### [EXERCISE]
The exact lines of the listing, from its first through the line that contains "Cadolzburg stand sowohl", are to make up the answer, and pictures are to be left out.

### [MATERIAL PROVIDED]
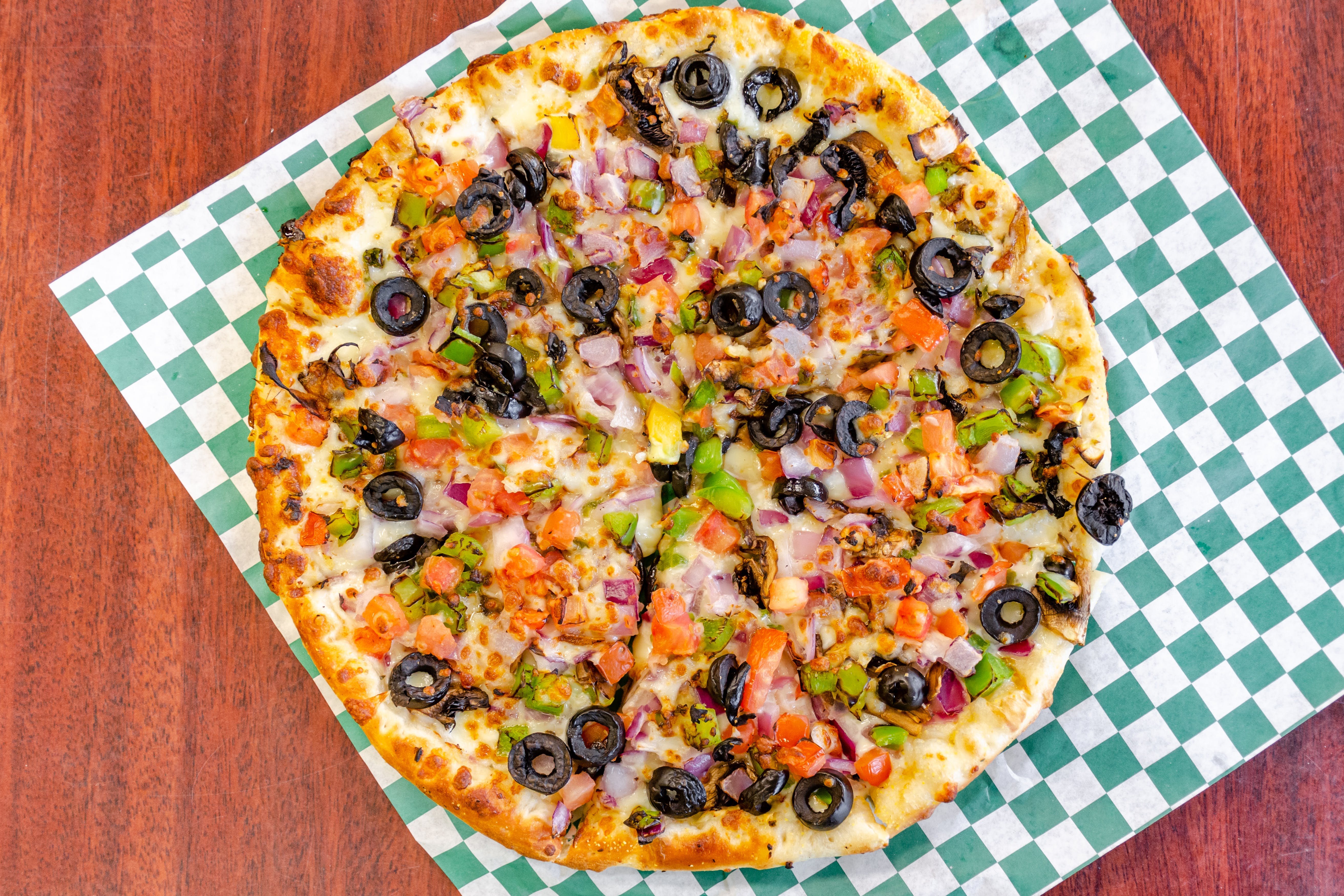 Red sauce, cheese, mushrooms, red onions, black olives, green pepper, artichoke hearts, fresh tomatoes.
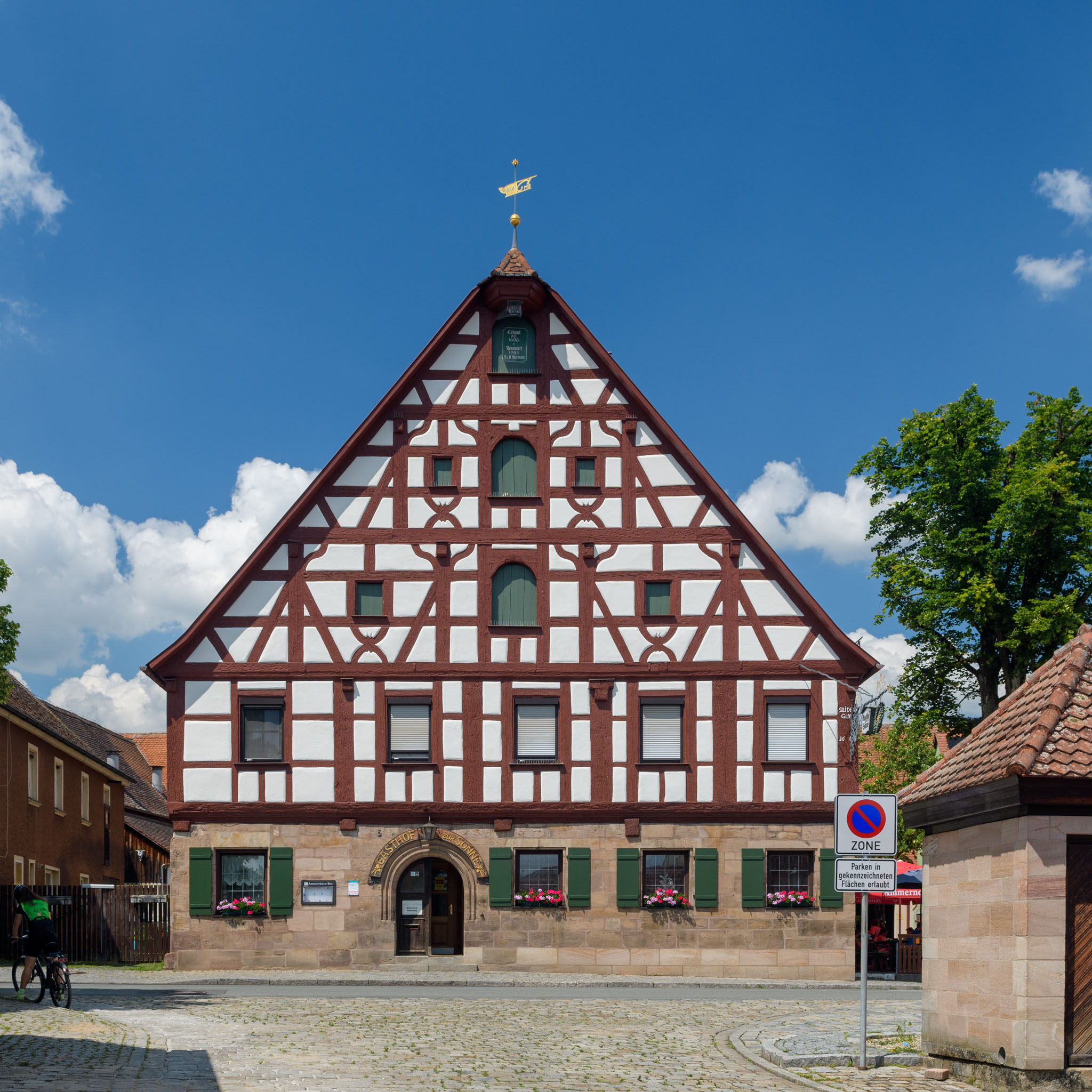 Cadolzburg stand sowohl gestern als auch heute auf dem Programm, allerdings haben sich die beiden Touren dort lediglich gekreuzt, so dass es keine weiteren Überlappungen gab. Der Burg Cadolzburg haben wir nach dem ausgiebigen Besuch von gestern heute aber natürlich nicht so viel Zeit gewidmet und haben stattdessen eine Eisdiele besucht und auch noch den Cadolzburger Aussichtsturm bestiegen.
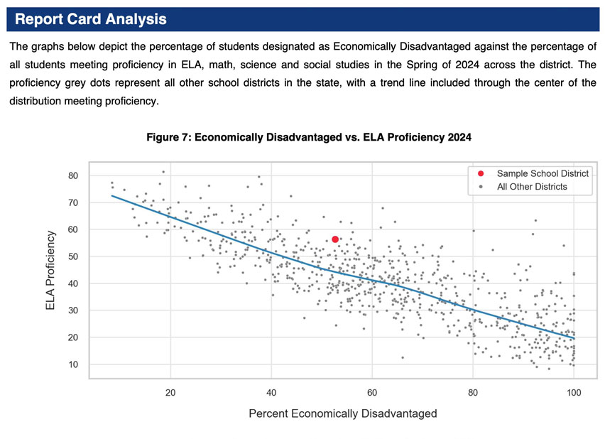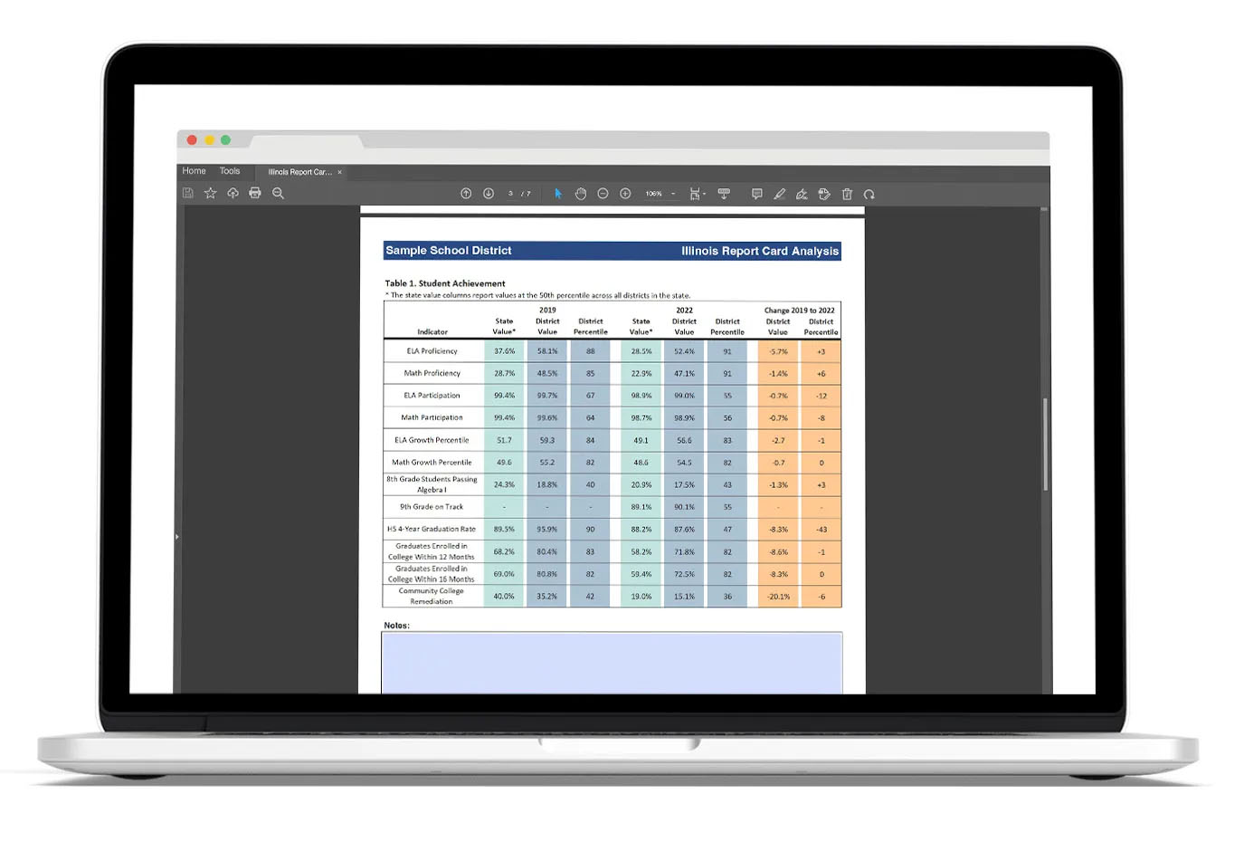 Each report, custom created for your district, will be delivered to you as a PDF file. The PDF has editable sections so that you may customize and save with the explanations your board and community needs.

### [COMPLETED EXERCISE]
 Red sauce, cheese, mushrooms, red onions, black olives, green pepper, artichoke hearts, fresh tomatoes.
 Cadolzburg stand sowohl gestern als auch heute auf dem Programm, allerdings haben sich die beiden Touren dort lediglich gekreuzt, so dass es keine weiteren Überlappungen gab. Der Burg Cadolzburg haben wir nach dem ausgiebigen Besuch von gestern heute aber natürlich nicht so viel Zeit gewidmet und haben stattdessen eine Eisdiele besucht und auch noch den Cadolzburger Aussichtsturm bestiegen.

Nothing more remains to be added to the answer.